You also mention automatically defining parallel strategies. Haskell certainly allows various different strategies to be defined, of which many useful ones are already in `Control.Parallel.Strategies`

. For example, parList applies a strategy in parallel to every element of a list:

```
parList :: Strategy a -> Strategy [a]
parList strat [] = ()
parList strat (x:xs) = strat x `par` (parList strat xs)
```

from this a parallel map function can be defined.

```
parMap :: Strategy b -> (a -> b) -> [a] -> [b]
parMap strat f xs = map f xs `using` parList strat
using :: a -> Strategy a -> a
using x s = s x `seq` x
```

Note that this allows for separation of implementation and parallelisation. I do not think that this kind of notion could be automated easily, especially just from annotations describing complexity of individual algorithms.

In summary then, it is possible that category theory might be a useful tool for future complexity research. However I do not think that this is likely to lead to automatic generation of parallelisation strategies.

At a superficial level, complexity theorists already do category theory-esque things, they just phrase it in their own language. For instance, the complexity class NP is a category where objects are NP languages and morphisms are polynomial-time reductions. Then a complete problem is an initial object in this category, and all NP-complete problems are isomorphic. It's not very reasonable, as in Vic's answer, to consider Turing machines as objects. This is mostly because of how finnicky Turing machines can be (they are many different models of Turing machines with quite different time and space complexities for the same problems). But the thesis idea of category theory, that the main interest in a category is in the morphisms, tells us that the morphisms should be algorithms.

Another view is that of hierarchies. Complexity classes form a poset category under inclusion, and there are some nice limit objects like P, PSPACE, NC, AC, etc.

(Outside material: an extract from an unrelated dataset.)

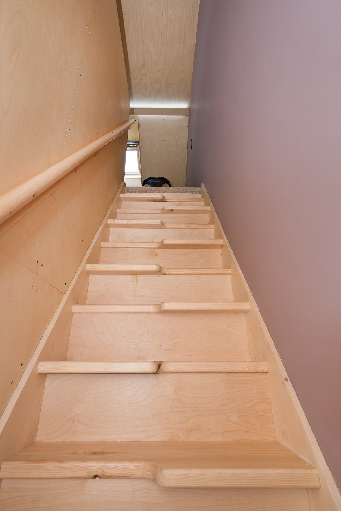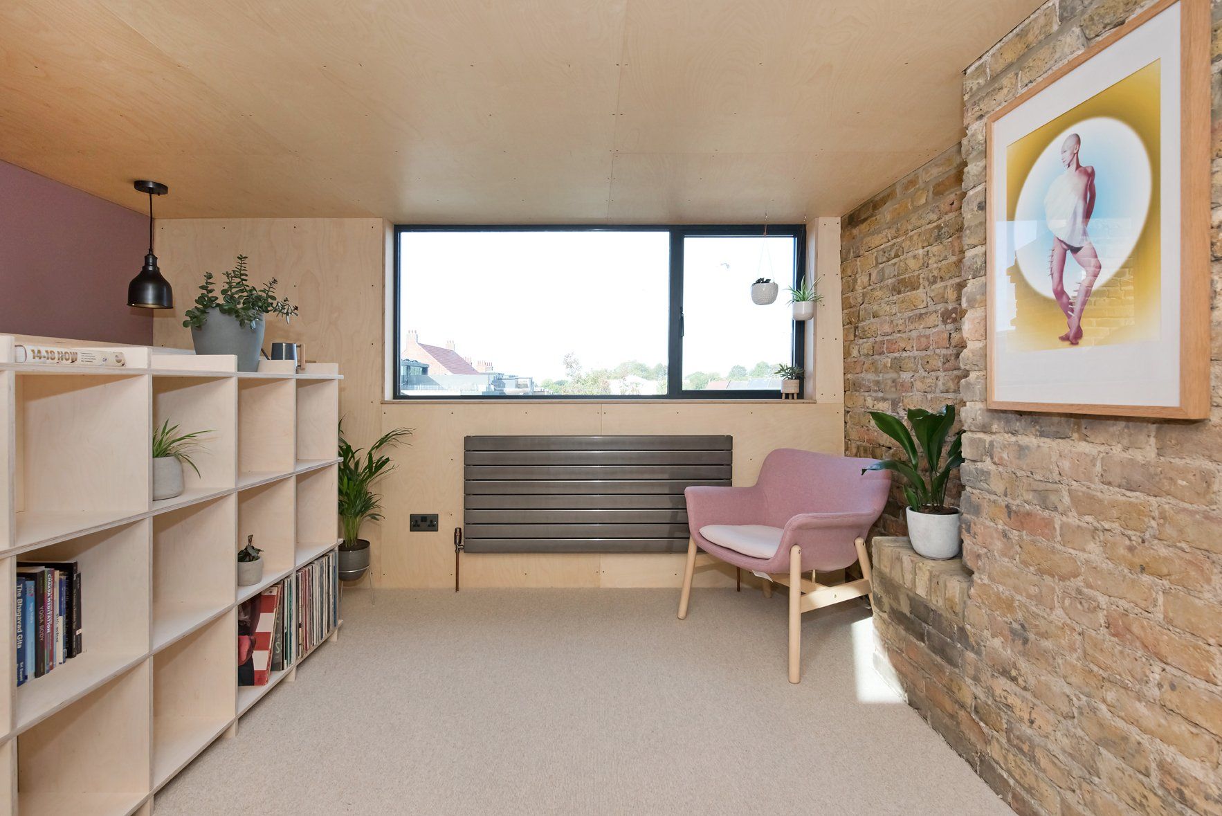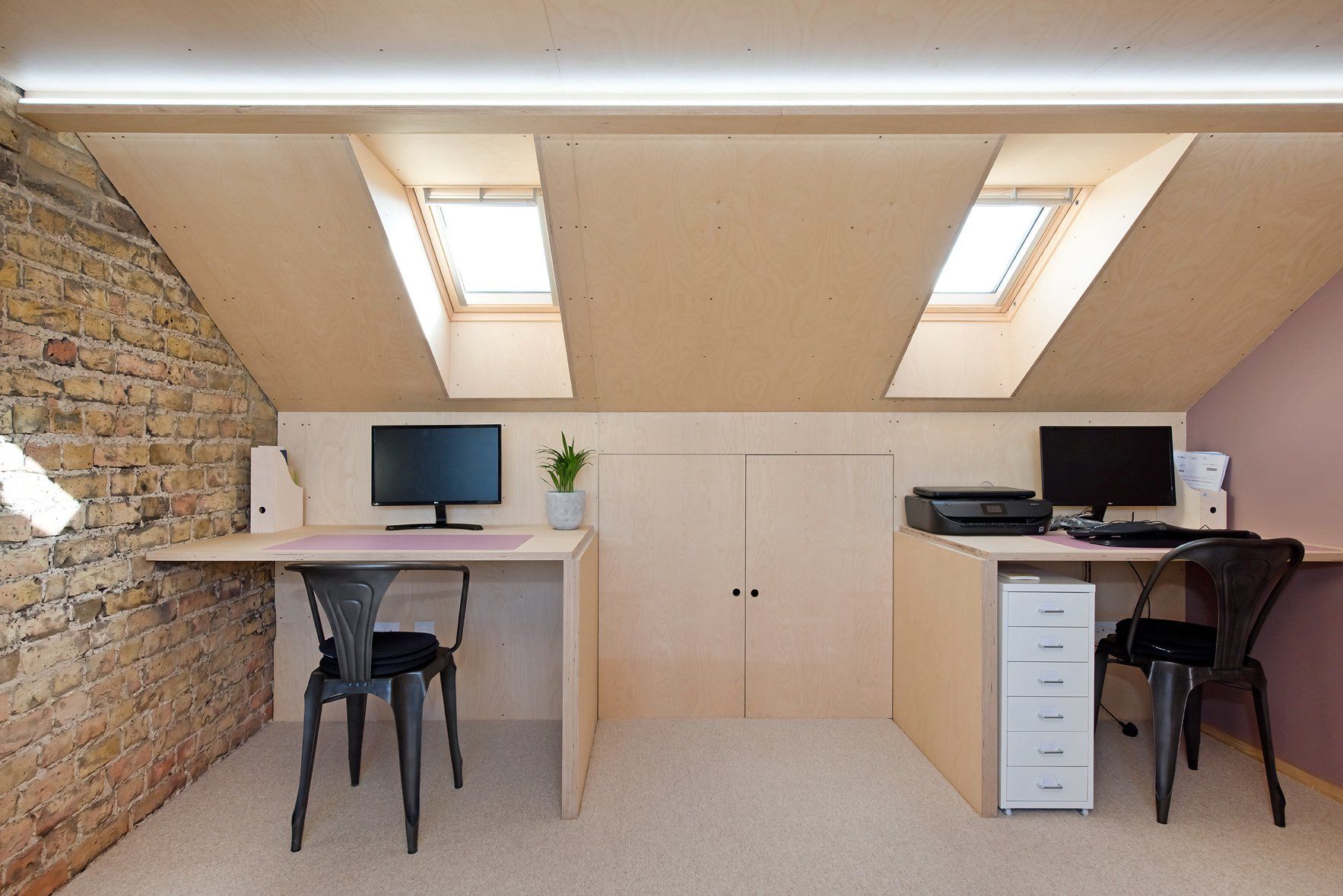 In order to realise the headroom for home office, we were able to reinforce the old ceiling joists without breaking the ceiling and successfully got planning permission to raise the ridge height. A pigeon staircase was fitted above the existing stair and the installation of a glass smoke screen on the ground floor enable us to avoid a new door. For the space itself, we designed a plywood clad room, exposing the brick gable where we could and designing in movable furniture, storage and concealed lighting.

Of course, it's unclear how the categorical perspective helps us prove theorems in complexity theory, and whether solving the problems via category theory would be any easier than solving the original problems. For example, I would consider the existence of a nontrivial functor from the poset category of complexity classes to, say, the category of groups to be a wildly transformative result. It would have the potential to separate complexity classes, which in this field is prohibitively difficult as a matter of course.

Quick googling shows a paper:

Safe Recursion Revisited: Categorical Semantics and Type Systems for Lower Complexity

I also remember works by Japaridze on polynomial time arithmetics, see http://arxiv.org/abs/0902.2969

I think you can start from there and walk by references.